• What to do
This task asks for the lines from the one with "Michael Kors dameklokke" to the final line below, repeated exactly, with pictures omitted.
═══ Provided data
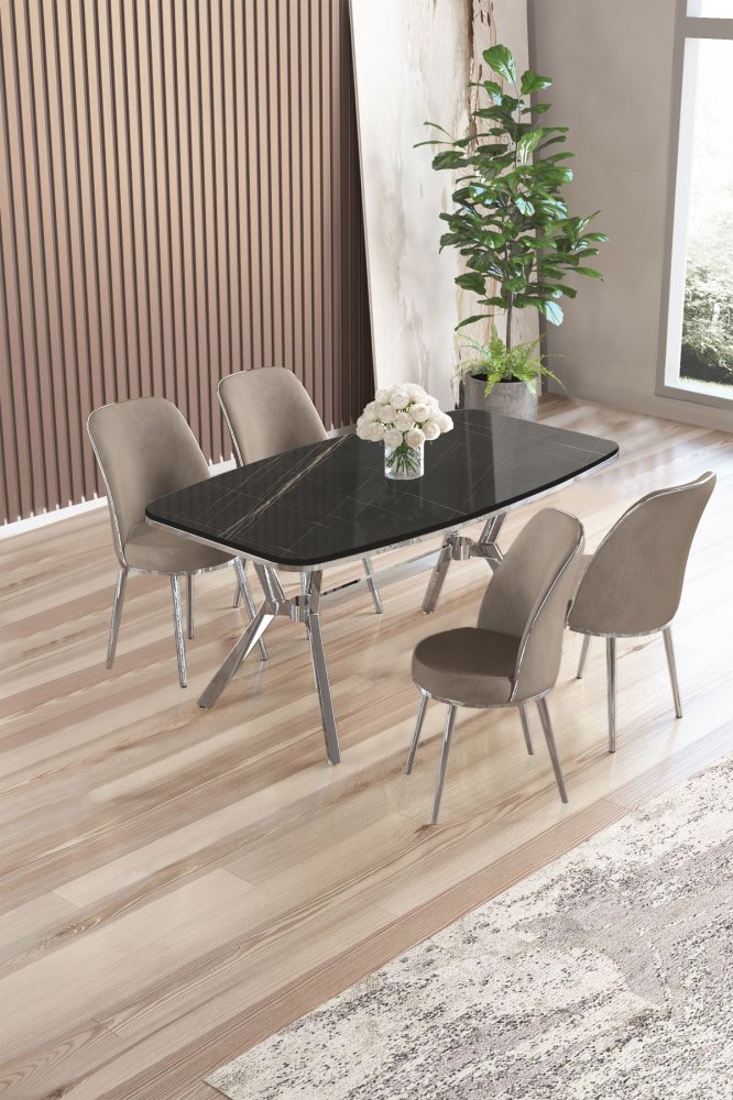 | Specifikacija | Set trpezarijskog stola i stolica (5 delova)Lena Black Marble Chrome Cappuccino 100% LAKOVANI PANEL Metalne nogare Okvir stolice: METAL Materijal: Mekana tkanina Trpezarijski sto: Širina: 160 cm Visina: 75 cm Dubina: 90 cm (1 komad) Stolica: Širina: 45 cm Visina: 91 cm Dubina: 42 cm (4 komada) Visina sedišta: 47 cm Visina nogara: 43 cm 22 DNS pena za leđa / 28 DNS pena za sedenje Broj pakovanja: 4 169 x 99,5 x 10,5 cm / 25,76 kg (1 komad) 37,5 x 80 x 19 cm / 7,58 kg (1 komad) 77 x 58 x 49 cm / 16 kg (1 komad) 63 x 49 x 45 cm / 8 kg (1 komad) |
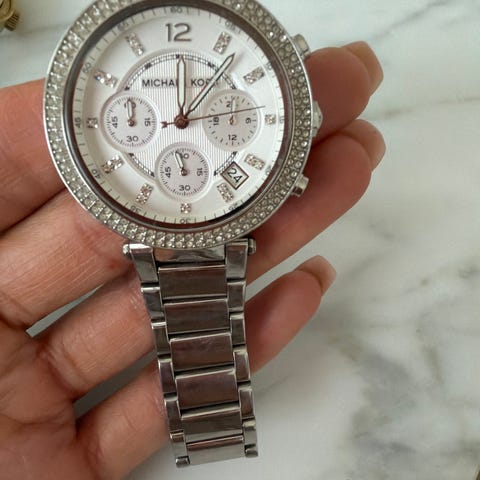 Michael Kors dameklokke i sølvfarget stål. Klokken har rund urskive i lys tone med arabiske tall og flere underskiver for ekstra funksjoner. Lenken er i leddet stål med foldespenne. Leveres i original Michael Kors-eske, og kjøpsbevis følger med etter avtale. Egnet som hverdagsklokke eller til mer formelle anledninger. Er kun brukt noen få ganger.
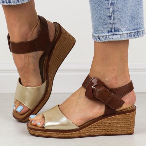 Złote sandały damskie na koturnie Sergio Leone sk302
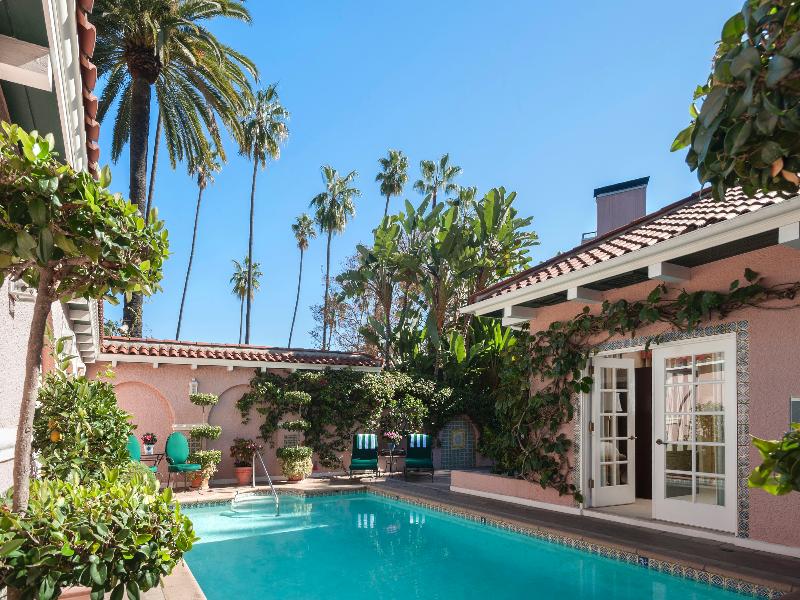 The Beverly Hills Hotel is a luxury, five-star hotel, located on Sunset Boulevard in the center of Beverly Hills and surrounded by 12 acres of lush, tropical gardens, exotic flowers, and private walkways. Providing privacy and tranquility in a truly residential setting, The Beverly Hills Hotel is within easy access to the business and entertainment centers of Los Angeles, Century City, Rodeo Drive, and many of the Hollywood studios. The hotel is just a 35-minute drive from Los Angeles International Airport. Referred to locally as \"The Pink Palace\" The Beverly Hills Hotel is a place to see and be seen, to catch glimpses of famous faces, or to revel in splendid luxury. What makes The Beverly Hills Hotel stand out is its superlative combination of service, a location that offers guests privacy, yet in the heart of a city, and a refreshed facility that, while faithful to the hotels architectural and interior design traditions, is more dramatically beautiful than ever.
══════
• Solution
 Michael Kors dameklokke i sølvfarget stål. Klokken har rund urskive i lys tone med arabiske tall og flere underskiver for ekstra funksjoner. Lenken er i leddet stål med foldespenne. Leveres i original Michael Kors-eske, og kjøpsbevis følger med etter avtale. Egnet som hverdagsklokke eller til mer formelle anledninger. Er kun brukt noen få ganger.
 Złote sandały damskie na koturnie Sergio Leone sk302
 The Beverly Hills Hotel is a luxury, five-star hotel, located on Sunset Boulevard in the center of Beverly Hills and surrounded by 12 acres of lush, tropical gardens, exotic flowers, and private walkways. Providing privacy and tranquility in a truly residential setting, The Beverly Hills Hotel is within easy access to the business and entertainment centers of Los Angeles, Century City, Rodeo Drive, and many of the Hollywood studios. The hotel is just a 35-minute drive from Los Angeles International Airport. Referred to locally as \"The Pink Palace\" The Beverly Hills Hotel is a place to see and be seen, to catch glimpses of famous faces, or to revel in splendid luxury. What makes The Beverly Hills Hotel stand out is its superlative combination of service, a location that offers guests privacy, yet in the heart of a city, and a refreshed facility that, while faithful to the hotels architectural and interior design traditions, is more dramatically beautiful than ever.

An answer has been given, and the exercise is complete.